Structured Streaming provides fault-tolerance and data consistency for streaming queries. Using Databricks workflows, you can easily configure your Structured Streaming queries to restart on failure automatically. The restarted query continues where the failed one left off. See Recover from Structured Streaming query failures with workflows.

Recover ETL jobs based on Delta time travel

Despite thorough testing, a job in production can fail or produce some unexpected, even invalid, data. Sometimes this can be fixed with an additional job after understanding the source of the issue and fixing the pipeline that led to the issue in the first place. However, often this is not straightforward, and the respective job should be rolled back. Using Delta Time travel allows users to easily roll back changes to an older version or timestamp, repair the pipeline, and restart the fixed pipeline. See What is Delta Lake time travel?.

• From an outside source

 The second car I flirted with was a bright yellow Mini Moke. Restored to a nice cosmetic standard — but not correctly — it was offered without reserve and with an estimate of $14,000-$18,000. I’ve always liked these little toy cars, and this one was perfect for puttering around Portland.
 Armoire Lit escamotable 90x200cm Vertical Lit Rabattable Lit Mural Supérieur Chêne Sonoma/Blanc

A convenient way to do so is the RESTORE command.

Use Databricks Workflows and built-in recovery

Databricks Workflows are built for recovery. When a task in a multi-task job fails (and, as such, all dependent tasks), Databricks Workflows provide a matrix view of the runs, which lets you examine the issue that led to the failure. See View runs for a job. Whether it was a short network issue or a real issue in the data, you can fix it and start a repair run in Databricks Workflows. It runs only the failed and dependent tasks and keep the successful results from the earlier run, saving time and money.

Configure a disaster recovery pattern

A clear disaster recovery pattern is critical for a cloud-native data analytics platform like Databricks. For some companies, it’s critical that your data teams can use the Databricks platform even in the rare case of a regional service-wide cloud-service provider outage, whether caused by a regional disaster like a hurricane or earthquake or another source.

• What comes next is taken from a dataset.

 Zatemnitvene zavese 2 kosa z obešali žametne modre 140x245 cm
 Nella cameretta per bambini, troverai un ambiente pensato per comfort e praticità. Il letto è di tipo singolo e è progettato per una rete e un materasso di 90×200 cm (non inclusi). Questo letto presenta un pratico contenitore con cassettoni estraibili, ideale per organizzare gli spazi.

Databricks is often a core part of an overall data ecosystem that includes many services, including upstream data ingestion services (batch/streaming), cloud-native storage, downstream tools and services such as business intelligence apps, and orchestration tooling. Some of your use cases might be particularly sensitive to a regional service-wide outage.

Disaster recovery involves a set of policies, tools, and procedures that enable the recovery or continuation of vital technology infrastructure and systems following a natural or human-induced disaster. A large cloud service like Azure, AWS, or GCP serves many customers and has built-in guards against a single failure. For example, a region is a group of buildings connected to different power sources to guarantee that a single power loss will not shut down a region. However, cloud region failures can happen, and the degree of disruption and its impact on your organization can vary. See Disaster recovery.

Essential parts of a disaster recovery strategy are selecting a strategy (active/active or active/passive), selecting the right toolset, and testing both failover and restore.

5. Automate deployments and workloads

In the Operational excellence article, see Operational Excellence - Automate deployments and workloads.

6. Set up monitoring, alerting, and logging

In the Operational excellence best practices article, see Operational Excellence - Set up monitoring, alerting, and logging.